2° Les 6° et 7° du II sont ainsi rétablis :
« 6° Assainissement des eaux usées, dans les conditions prévues à l'article L. 2224-8, sans préjudice de l'article 1er de la loi n° 2018-702 du 3 août 2018 relative à la mise en œuvre du transfert des compétences eau et assainissement aux communautés de communes ;
« 7° Eau, sans préjudice de l'article 1er de la loi n° 2018-702 du 3 août 2018 relative à la mise en œuvre du transfert des compétences eau et assainissement aux communautés de communes.
« La communauté de communes peut déléguer, par convention, tout ou partie des compétences mentionnées aux 6° et 7° du présent I, ainsi que la compétence relative à la gestion des eaux pluviales urbaines définie à l'article L. 2226-1 à l'une de ses communes membres.
« La délégation prévue au neuvième alinéa du présent I peut également être faite au profit d'un syndicat mentionné à l'article L. 5212-1, existant au 1er janvier 2019 et inclus en totalité dans le périmètre de la communauté de communes.
« Les compétences déléguées en application des douzième et treizième alinéas du présent II sont exercées au nom et pour le compte de la communauté de communes délégante.
« La convention, conclue entre les parties et approuvée par leurs assemblées délibérantes, précise la durée de la délégation et ses modalités d'exécution. Elle définit les objectifs à atteindre en matière de qualité du service rendu et de pérennité des infrastructures ainsi que les modalités de contrôle de la communauté de communes délégantes sur la commune délégataire. Elle précise les moyens humains et financiers consacrés à l'exercice de la compétence déléguée.
« Lorsqu'une commune demande à bénéficier d'une délégation en application du douzième alinéa du présent II, le conseil de la communauté de communes statue sur cette demande dans un délai de trois mois et motive tout refus éventuel ».
B. – L'article L. 5216-5 est ainsi modifié :
1° Les dixième à dix-septième alinéas du I sont supprimés.
2° Les 2° et 3° du II sont ainsi rétablis :
« 2° Eau ;
« 3° Assainissement des eaux usées, dans les conditions prévues à l'article L. 2224-8 ;
« 3° bis Gestion des eaux pluviales urbaines, au sens de l'article L. 2226-1.
« La communauté d'agglomération peut déléguer, par convention, tout ou partie des compétences mentionnées aux 2° à 3° bis du présent II à l'une de ses communes membres.
« La délégation prévue au septième alinéa du présent II peut également être faite au profit d'un syndicat mentionné à l'article L. 5212-1, existant au 1er janvier 2019 et inclus en totalité dans le périmètre de la communauté d'agglomération.
« Les compétences déléguées en application des septième et huitième alinéas du présent II sont exercées au nom et pour le compte de la communauté d'agglomération délégante.

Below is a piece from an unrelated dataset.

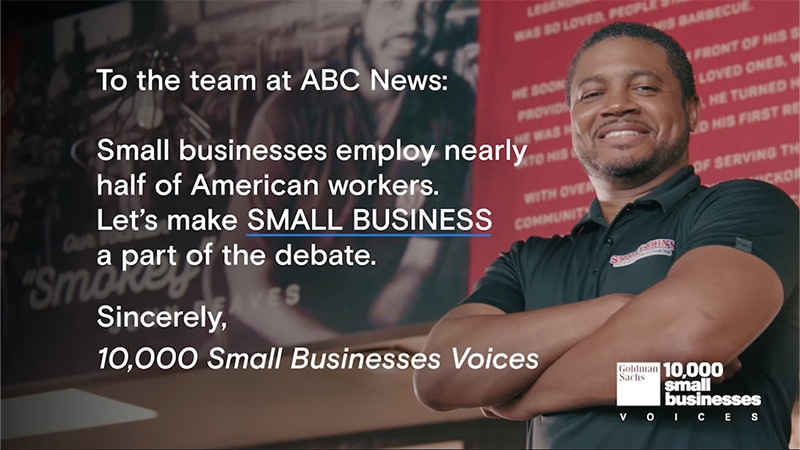 NEW YORK – Small business owners, who are disappointed with a lack of detailed policy discussions on issues important to them in the presidential election, are about to make a big splash. Ahead of the presidential debate on September 10th, Goldman Sachs 10,000 Small Businesses Voices today launched a new billboard in Times Square calling on ABC News to ask the candidates how they will address the most pressing issues facing small business owners.
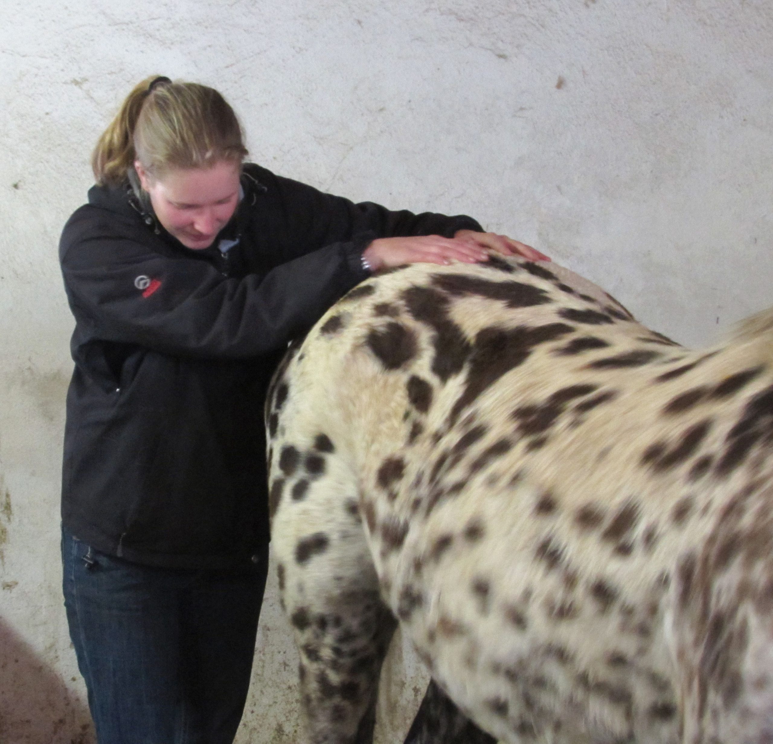 Malibu, 14 ans, n’est pas montée et fait des poulains une année sur 2 environ et n’a jamais eu de soucis de ce côté là auparavant. Après avoir fait le tour, je ne trouve aucune douleur ni tension dorsale, mais une très légère dysfonction au niveau du sacrum et surtout le point ovaire droit très sensible. Après libération du sacrum je travaille essentiellement sur le point ovaire. Celui décrit par Dominique Giniaux dans son livre « Soulagez votre cheval aux doigts… et à l’œil !». Point qui se situe en arrière de la dernière côte dans un creux avant que K18 ne rejoigne K17. J’aurais un SMS 2-3 jours plus tard de la propriétaire ravie qui m’informe que l’étalon peut dormir tranquille maintenant que Malibu a bien voulue de lui, et qu’elle n’a pas bougé une oreille lors de la saillie… Je ne savais pas si en travaillant une seule fois sur le point cela suffirait et bien apparemment si ! J’avais déjà eu des résultats franchement concluants avec ce point sur ma jument il y a quelques années pour un autre type de problème. Elle a toujours été «pisseuse», pénible +++ lors des chaleurs. Depuis que j’ai découvert le point de Giniaux, je l’ai massé tous les 3 premiers jours des chaleurs pendant plusieurs mois et l’année d’après tout s’est stabilisé, elle a complètement changé alors que ça faisait des années qu’elle était comme ça et je n’ai plus jamais eu a y retoucher ! L’effet a été bien durable. Comme quoi ce point est vraiment magique !

« La convention, conclue entre les parties et approuvée par leurs assemblées délibérantes, précise la durée de la délégation et ses modalités d'exécution. Elle définit les objectifs à atteindre en matière de qualité du service rendu et de pérennité des infrastructures ainsi que les modalités de contrôle de la communauté d'agglomération délégante sur la commune délégataire. Elle précise les moyens humains et financiers consacrés à l'exercice de la compétence déléguée.
« Lorsqu'une commune demande à bénéficier d'une délégation en application du septième alinéa du présent II, le conseil de la communauté d'agglomération statue sur cette demande dans un délai de trois mois et motive tout refus éventuel ».
II. – Le IV de l'article 64 et le 1° du II de l'article 66 de la loi n° 2015-991 du 7 août 2015 portant nouvelle organisation territoriale de la République sont abrogés.
III. – L'article premier et le II de l'article 3 de la loi n° 2018-702 du 3 août 2018 relative à la mise en œuvre du transfert des compétences eau et assainissement aux communautés de communes sont abrogés.